In many of those streets, names of the manufacturers of the bricks are visible, which was not the proper way to install the bricks. According to Newber, the bricks were meant to be laid on edge, which would have obscured the manufacturers' names and stamps. Those stamps were designed, in part, to allow spaces between the brick so sand could be swept into their joints, he wrote.
"But laying street bricks on edge was more expensive than laying them with the wider, primary face upward," he said. "If laid on edge, more bricks would be needed to cover a given area than by laying the brick with the wider face upward."
Today, their economizing means you can peer down to see names, such as "August Block" or "Southern Clay MFC Co." stamped on the face of the bricks.
George Edwards, the executive director of the Historic Wilmington Foundation, said he would endorse the expansion of the policy to protect more bricks.
"I think that the presence of more brick streets in the city would serve multiple purposes," he said. "Number one, it's a traffic-calming device. Number two, it really makes our historic neighborhoods more appealing, both to locals and visitors."

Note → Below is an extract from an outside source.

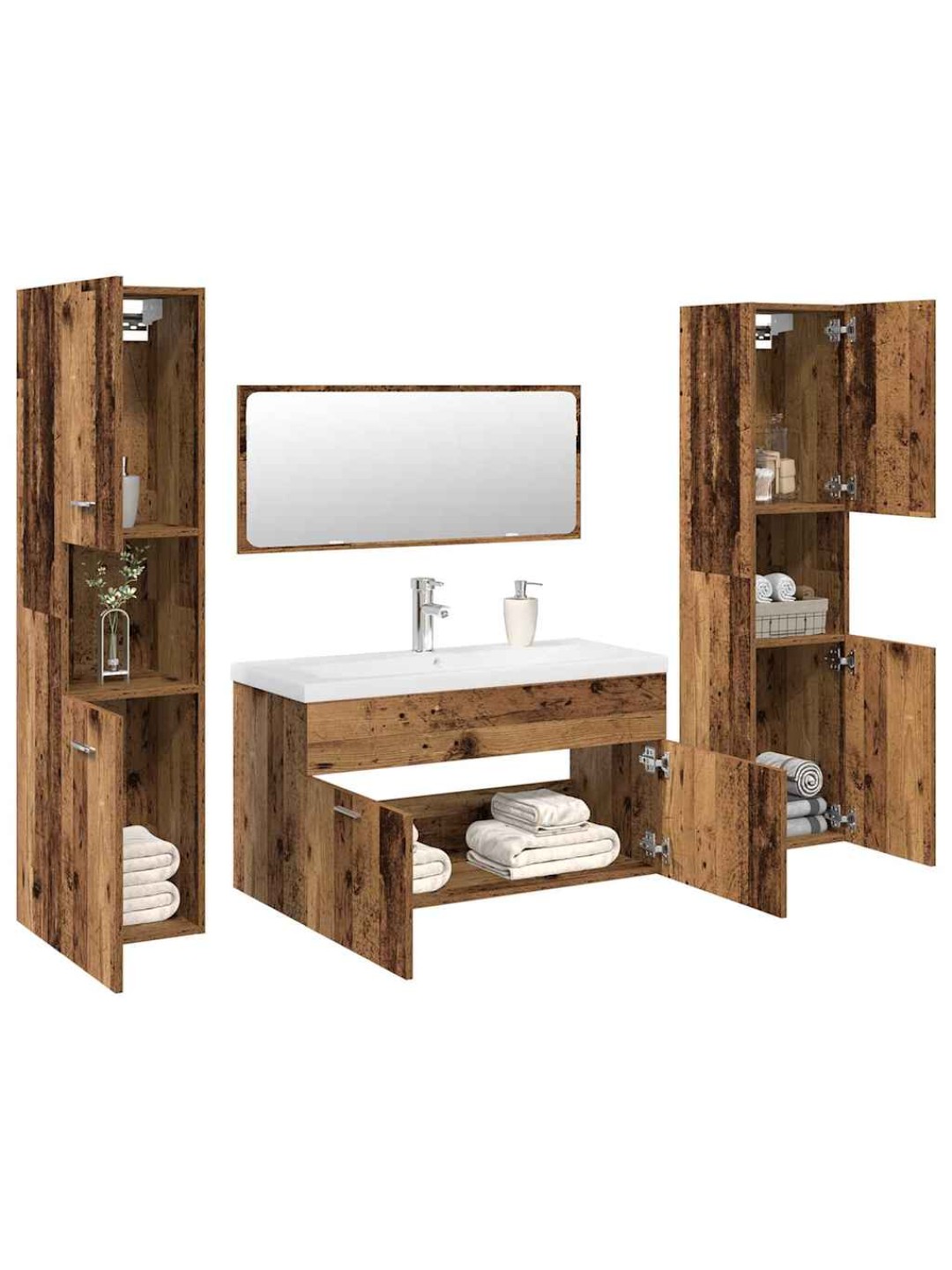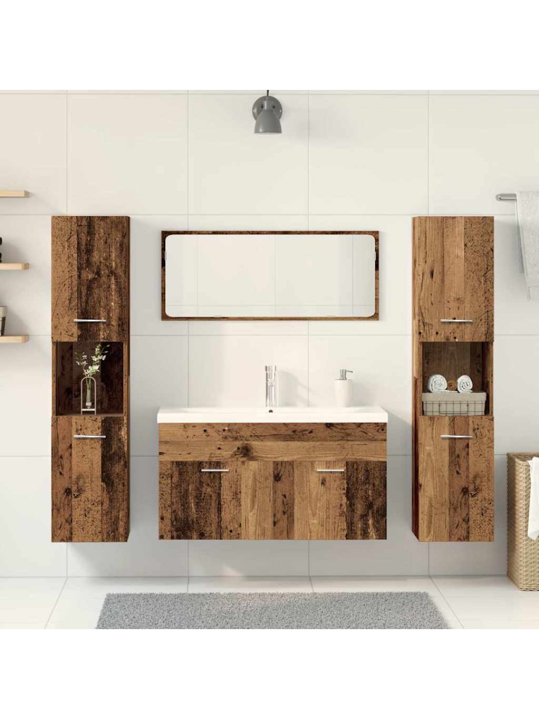 5-OSALINE VANNITOA MÖÖBLIKOMPLEKT, VANA PUIT, TEHISPUIT

Every year, the foundation releases a list of "most threatened" historic places. While brick and stone walls and granite curbs have been on the list in recent years, brick streets haven't.
"We don't feel that any of the existing brick streets are in any jeopardy," Edwards said, adding that the city has been committed to never paving over brick streets.
At the end of his book, Newber alluded to the future discoveries of bricks that are hidden beneath the asphalt. He said he hopes that historians or preservationists will seek to preserve those bricks, even if it meant removing layers of asphalt.
King said the city has looked into equipment that removes asphalt from bricks streets to restore them. City officials have talked to representatives from several companies to see if they are willing to do a demonstration, he added.
It's possible Newber's wish could be granted after all.